Hindus who describe themselves as happily married are often of the opinion that true love can only be realized beyond marriage - and thus beyond central social norms. What exactly is meant by that? Or to put it another way, are queer connections in the sense of non-normative relationships an expression of true love? The answer is a clear no. But their complexity - especially with a view to different ideas inside and outside the social world - will now be discussed here.
2. Love beyond marital boundaries
2.1 The ideal
The ideal of extra-marital love is described in the story of Krishna and Radha. An example of this is the Gitagovinda, a poem dedicated to the worship of Krishna as God. The Gitagovinda describes the passionate love between Krishna and the shepherdess Radha. The literary and religious texts, plays, music, art and film inspired by him extend to the present day. The Krishna story is well known and loved in India.
In the Gitagovinda, Radha is a married shepherdess who is so drawn to the grace of the youthful Krishna that she risks her marriage, social status, and emotional and economic security in order to have her longing for Krishna fulfilled. The entire action takes place outside of social boundaries. Radha crosses the nocturnal forest to get to her rendezvous with her lover. But to her surprise, she finds Krishna in an erotic dance with the other shepherd women in the village. This sight arouses their jealousy, but at the same time increases their desire and arouses their pride. She wants Krishna for herself alone.

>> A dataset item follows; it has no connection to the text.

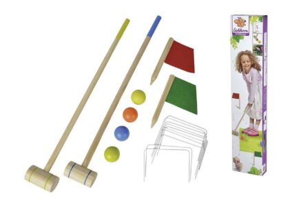 Beinhaltet 2 x 65 cm große Schläger, 4 Bälle mit Ø 50 mm, ein Start- und ein Ziel-Stab sowie 10 Tore zum Aufstellen. Super leicht und schnell auf der Wiese aufgebaut und spielbereit. Achtung! Nicht geeignet für Kinder unter 3 Jahren. Technische Daten: Gewicht: 0,677 kg Material: Schläger Holz, Bälle Kunststoff Maße: Schläger 65 cm lang, Bälle Ø 50 mm Lieferumfang: 1 Krocketset

The poem describes the emotional states and fantasies that Radha goes through in her unfulfilled desire for Krishna. Krishna alternately turns to her and then turns away from her. The theme of the Gitagovinda is the changing states of separation and union and Radha's growing feelings of jealousy, separation pain, passionate attraction and desire. Their jealousy in times of separation increases their desire, passion and longing for Krishna.
The longing of the Radha, which nourishes passion, becomes the measure of love in the Vaishnava theory , with the following justification. The longing arises and intensifies in the phases of separation, which are inevitable due to the social illegitimacy of this relationship. The inevitable separations make the relationship insecure and uncontrollable for the partner. The meetings are unpredictable and every time there is a fear that this meeting could be the last. The social illegitimacy of this relationship also harbors, at least for Radha, the risk of losing social respect and ultimately material prosperity. In this respect, in contrast to conjugal love, as symbolized by Sita, such a love harbors risks. At the same time, however, it is free from all marital expectations that the partners can place on each other in the socially standardized marital context. Radha is taken care of by her husband, but puts this social and material security at risk for Krishna. She has no conjugal expectations of Krishna, only longs for his love in return.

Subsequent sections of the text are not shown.